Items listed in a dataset

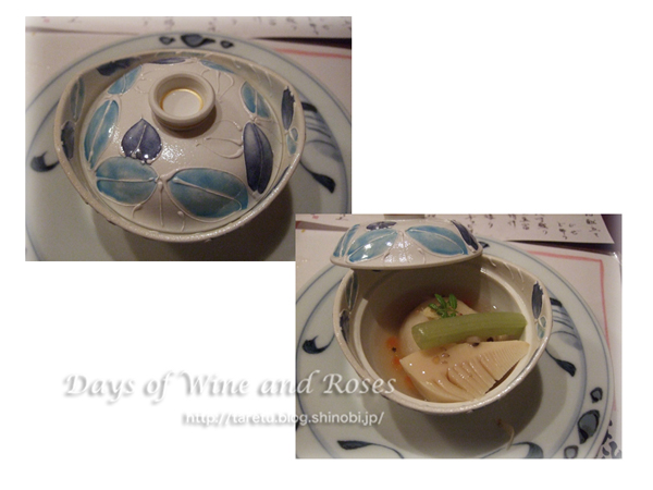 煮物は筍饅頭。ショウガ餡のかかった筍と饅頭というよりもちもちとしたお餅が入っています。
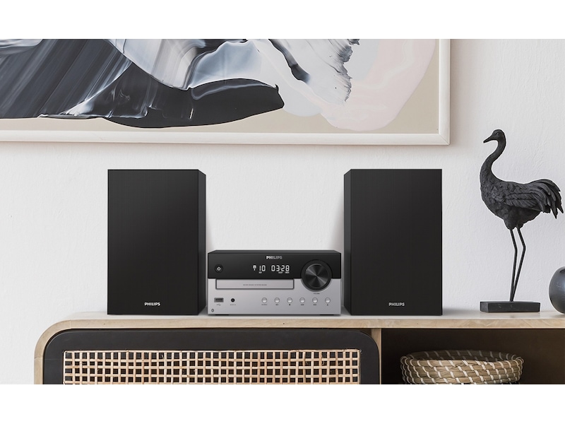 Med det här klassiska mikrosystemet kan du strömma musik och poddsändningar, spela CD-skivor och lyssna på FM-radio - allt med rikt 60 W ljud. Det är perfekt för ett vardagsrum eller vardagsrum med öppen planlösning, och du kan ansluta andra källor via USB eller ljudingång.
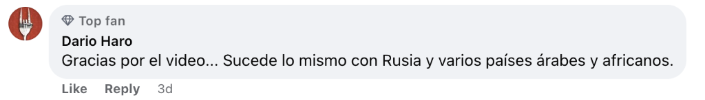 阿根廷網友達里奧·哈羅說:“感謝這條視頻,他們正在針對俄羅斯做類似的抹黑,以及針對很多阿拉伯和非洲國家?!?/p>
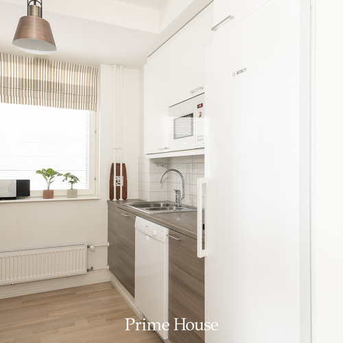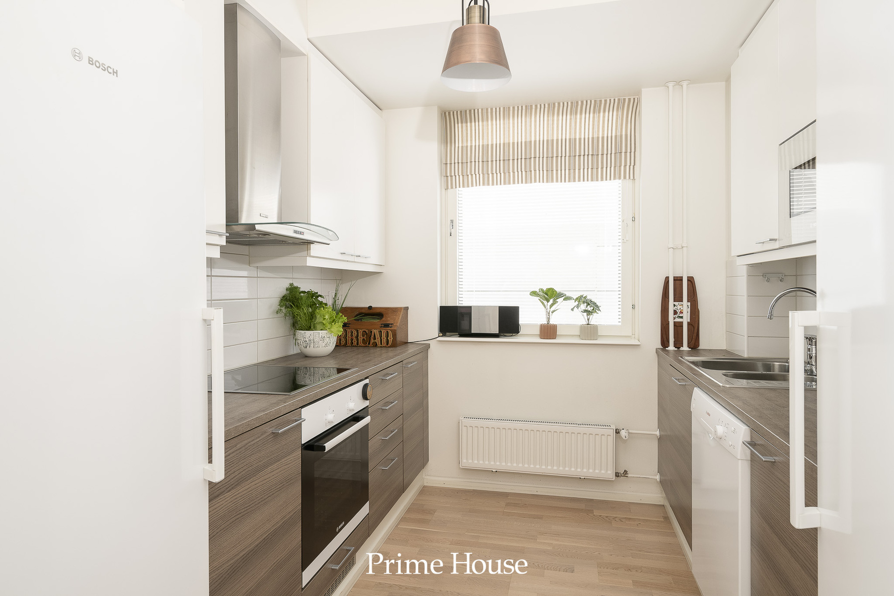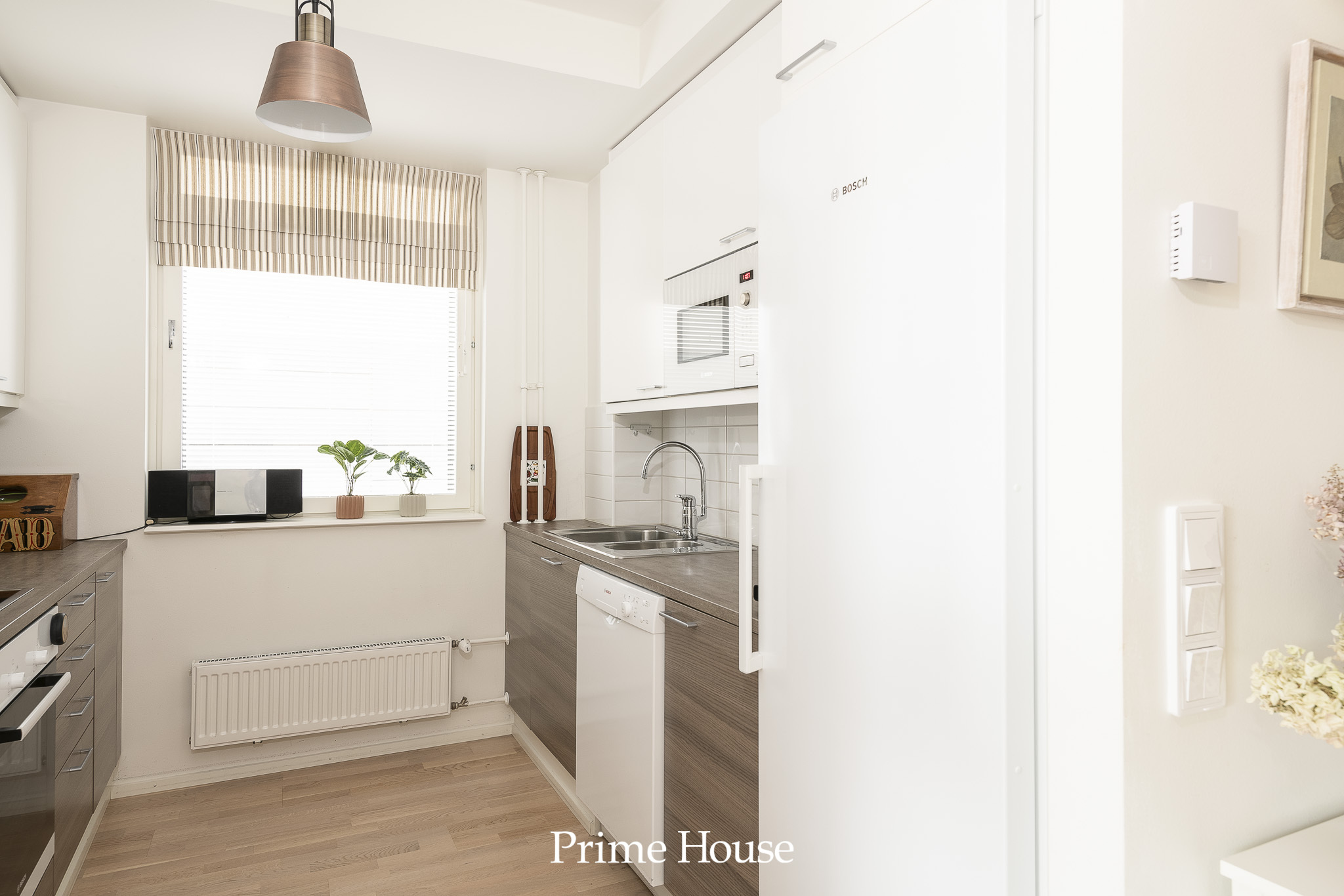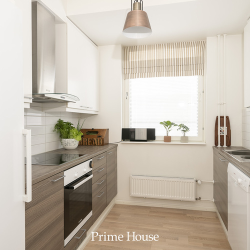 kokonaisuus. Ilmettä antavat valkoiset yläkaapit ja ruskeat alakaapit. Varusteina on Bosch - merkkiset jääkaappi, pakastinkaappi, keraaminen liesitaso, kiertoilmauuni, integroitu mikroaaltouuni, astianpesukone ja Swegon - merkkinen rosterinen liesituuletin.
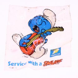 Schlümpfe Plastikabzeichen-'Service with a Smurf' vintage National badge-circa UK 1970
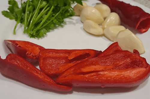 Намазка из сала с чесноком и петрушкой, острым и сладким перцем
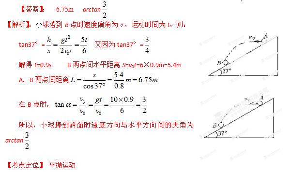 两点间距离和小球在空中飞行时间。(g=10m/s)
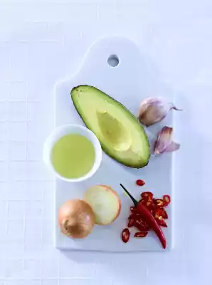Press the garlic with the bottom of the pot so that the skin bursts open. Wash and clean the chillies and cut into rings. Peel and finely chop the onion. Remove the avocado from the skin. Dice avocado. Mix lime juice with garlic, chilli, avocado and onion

Assigned task:
Would you please repeat each record exactly? Leave the pictures out.

Exercise solution:
 煮物は筍饅頭。ショウガ餡のかかった筍と饅頭というよりもちもちとしたお餅が入っています。
 Med det här klassiska mikrosystemet kan du strömma musik och poddsändningar, spela CD-skivor och lyssna på FM-radio - allt med rikt 60 W ljud. Det är perfekt för ett vardagsrum eller vardagsrum med öppen planlösning, och du kan ansluta andra källor via USB eller ljudingång.
 阿根廷網友達里奧·哈羅說:“感謝這條視頻,他們正在針對俄羅斯做類似的抹黑,以及針對很多阿拉伯和非洲國家?!?/p>
 kokonaisuus. Ilmettä antavat valkoiset yläkaapit ja ruskeat alakaapit. Varusteina on Bosch - merkkiset jääkaappi, pakastinkaappi, keraaminen liesitaso, kiertoilmauuni, integroitu mikroaaltouuni, astianpesukone ja Swegon - merkkinen rosterinen liesituuletin.
 Schlümpfe Plastikabzeichen-'Service with a Smurf' vintage National badge-circa UK 1970
 Намазка из сала с чесноком и петрушкой, острым и сладким перцем
 两点间距离和小球在空中飞行时间。(g=10m/s)
Press the garlic with the bottom of the pot so that the skin bursts open. Wash and clean the chillies and cut into rings. Peel and finely chop the onion. Remove the avocado from the skin. Dice avocado. Mix lime juice with garlic, chilli, avocado and onion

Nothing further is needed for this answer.